New Mexico Spanish: an endangered variety

Talking about Spanish in the United States means talking about the future of the language, in a country called to be the driving force of the Hispanic world in the coming decades. However, in that same country we also find very minorized varieties, such as the case of Spanish spoken in the state of New Mexico, which is at real risk of becoming extinct within one or two generations.

This variety, which can be considered part of the North American linguistic heritage, is surrounded by large speech communities, widespread languages ​​and other well-established varieties of Spanish. On the one hand, it borders on American English, a language in common use at all levels both in New Mexico and in the rest of the United States; On the other hand, it does so with Mexican Spanish, the most widespread and numerous variety of Spanish, which is spoken on both sides of the border and represents the large migrant community of Mexican descent that we find in New Mexico. Lastly, he is also in contact with the Spanglisha variety of American Spanish resulting from linguistic contact with English implanted in bilingual speakers of Hispanic heritage.

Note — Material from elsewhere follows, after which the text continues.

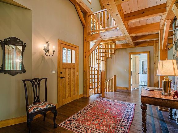 Stunning! Secluded, Eastern white pine timber frame home with post and beam interior. Enjoy this extremely quiet 16.6 acres perfectly nestled near several Fingerlakes. 3 Bedrooms, 2.5 baths with owners suite that opens to lovely stone patio. Peaceful one level living with beautifully designed and well thought out features including handcrafted spiral staircases, library loft, maple hardwood floors, and a grand stone wood burning fireplace. Comfortable one level living that is heated by radiant heat floors throughout. Enjoy entertaining with a fabulous chefs kitchen with granite counters, Wolf range, second Jennair oven, modern and warm design. Formal dining and breakfast room with sliders that open to back deck. Convenient first floor laundry/mud room and attached two car garage. Additional 2600+ sq. ft. barn fully heated with water, 100amp electric, storage and automobile lift, perfect for absolutely any hobbyist. Partially finished basement level with half bath and walk-out makes for ideal work from home space. This is a wilderness retreat with easy commutes to Canandaigua, Honeoye and Geneseo for shopping, 22 minutes to Bristol Mountain Skiing. Virtual Tour!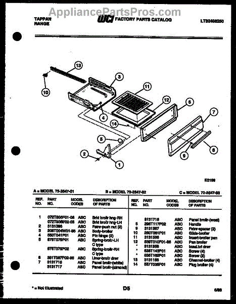 Parts for Frigidaire 72-2547-23-01: 05 - Broiler Drawer Parts

In the midst of this linguistic crossroads, New Mexican Spanish combats the power dynamics internal to the language that hierarchize and reorder the different speech varieties and communities. The linguistic demographics, its historical situation and peripheral social positioning, the scarce linguistic and cultural capital of its speakers, its low vitality or the degree of presence in public life predict a difficult future for this historical dialect that was established in the southwest of the United States in the 17th century. In fact, the state capital, Santa Fe, was founded in 1610 by Pedro de Peralta.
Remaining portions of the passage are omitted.